Data supplied »
=== Begin Enclosure ===

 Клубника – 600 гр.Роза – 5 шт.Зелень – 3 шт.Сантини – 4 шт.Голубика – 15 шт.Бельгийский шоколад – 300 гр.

=== End Enclosure ===
=== Begin Enclosure ===

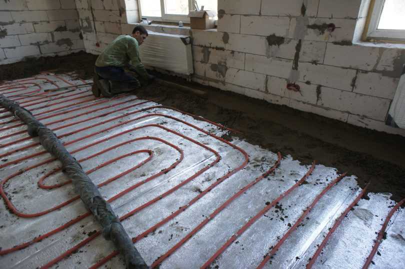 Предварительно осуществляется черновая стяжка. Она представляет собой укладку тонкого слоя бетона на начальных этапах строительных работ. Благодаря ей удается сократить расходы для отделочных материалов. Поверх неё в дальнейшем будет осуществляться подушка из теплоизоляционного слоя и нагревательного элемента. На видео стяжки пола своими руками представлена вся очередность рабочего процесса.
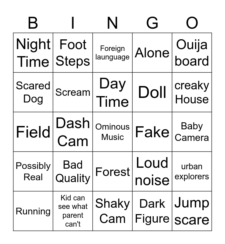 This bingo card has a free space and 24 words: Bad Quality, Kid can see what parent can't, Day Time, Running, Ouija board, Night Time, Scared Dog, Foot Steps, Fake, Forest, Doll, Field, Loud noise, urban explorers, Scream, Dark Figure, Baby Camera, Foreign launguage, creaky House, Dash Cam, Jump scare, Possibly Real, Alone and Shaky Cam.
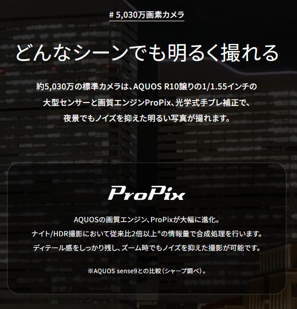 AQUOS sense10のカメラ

=== End Enclosure ===
=== Begin Enclosure ===

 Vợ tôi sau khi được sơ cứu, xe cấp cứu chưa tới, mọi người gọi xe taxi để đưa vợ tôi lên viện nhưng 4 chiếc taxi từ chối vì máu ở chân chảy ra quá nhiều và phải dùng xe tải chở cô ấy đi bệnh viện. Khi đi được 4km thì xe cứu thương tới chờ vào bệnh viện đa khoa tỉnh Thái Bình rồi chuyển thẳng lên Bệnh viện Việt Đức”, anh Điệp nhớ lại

=== End Enclosure ===

Directions for this task » Pictures do not belong in the answer. Return the lines above starting at the one with "This bingo card" and ending at the one with "AQUOS sense10のカメラ", both kept, exactly.

Solution to the exercise »
 This bingo card has a free space and 24 words: Bad Quality, Kid can see what parent can't, Day Time, Running, Ouija board, Night Time, Scared Dog, Foot Steps, Fake, Forest, Doll, Field, Loud noise, urban explorers, Scream, Dark Figure, Baby Camera, Foreign launguage, creaky House, Dash Cam, Jump scare, Possibly Real, Alone and Shaky Cam.
 AQUOS sense10のカメラ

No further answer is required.